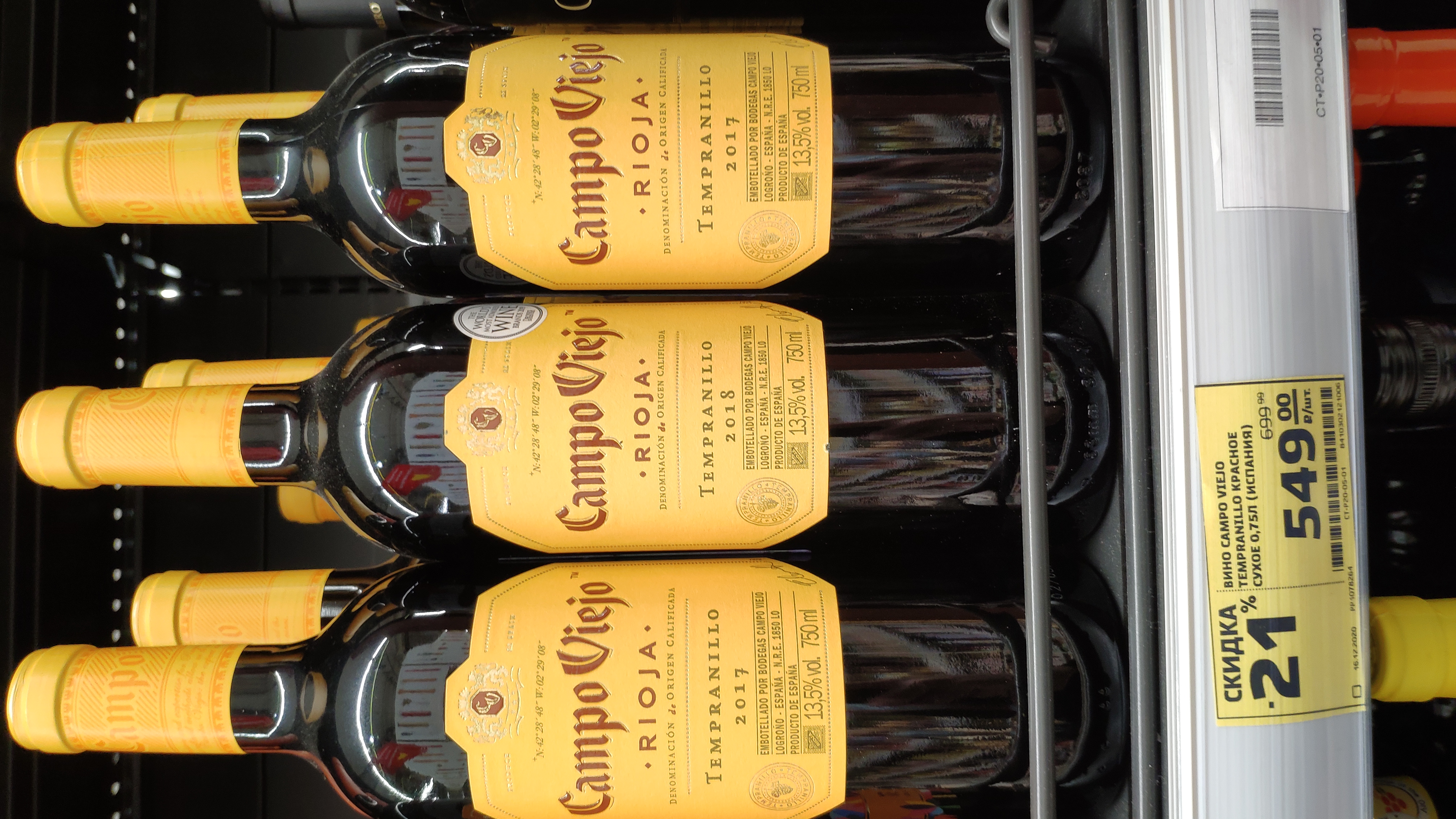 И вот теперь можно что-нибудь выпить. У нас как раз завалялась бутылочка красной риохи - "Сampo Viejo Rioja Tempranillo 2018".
* * *
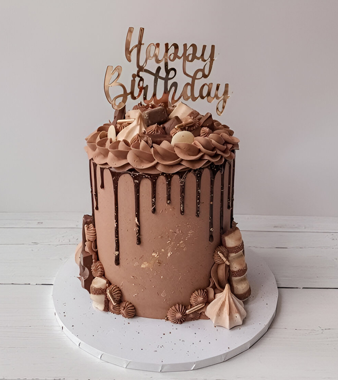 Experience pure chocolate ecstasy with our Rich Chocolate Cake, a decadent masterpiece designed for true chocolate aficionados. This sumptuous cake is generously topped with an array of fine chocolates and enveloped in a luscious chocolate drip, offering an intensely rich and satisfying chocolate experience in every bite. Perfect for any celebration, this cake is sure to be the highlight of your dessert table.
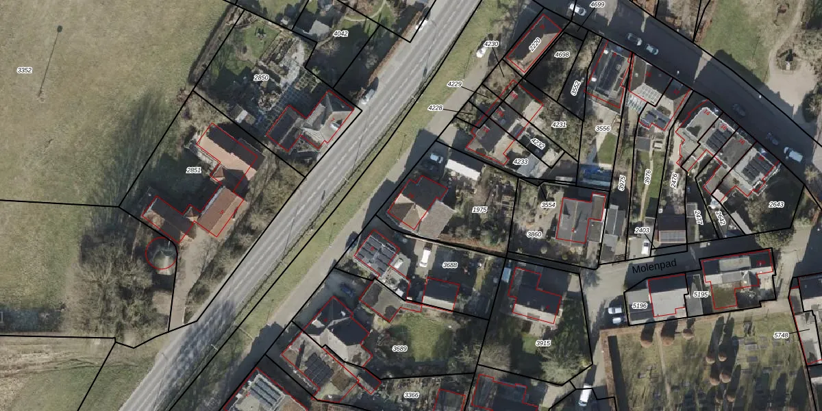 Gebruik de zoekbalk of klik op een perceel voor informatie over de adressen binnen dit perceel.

## WORK TO BE COMPLETED
Of the lines above, copy only those from the one holding "Experience pure chocolate" to the one holding "Gebruik de zoekbalk", both included, and exclude every image.

## SOLUTION TO THIS PROBLEM
 Experience pure chocolate ecstasy with our Rich Chocolate Cake, a decadent masterpiece designed for true chocolate aficionados. This sumptuous cake is generously topped with an array of fine chocolates and enveloped in a luscious chocolate drip, offering an intensely rich and satisfying chocolate experience in every bite. Perfect for any celebration, this cake is sure to be the highlight of your dessert table.
 Gebruik de zoekbalk of klik op een perceel voor informatie over de adressen binnen dit perceel.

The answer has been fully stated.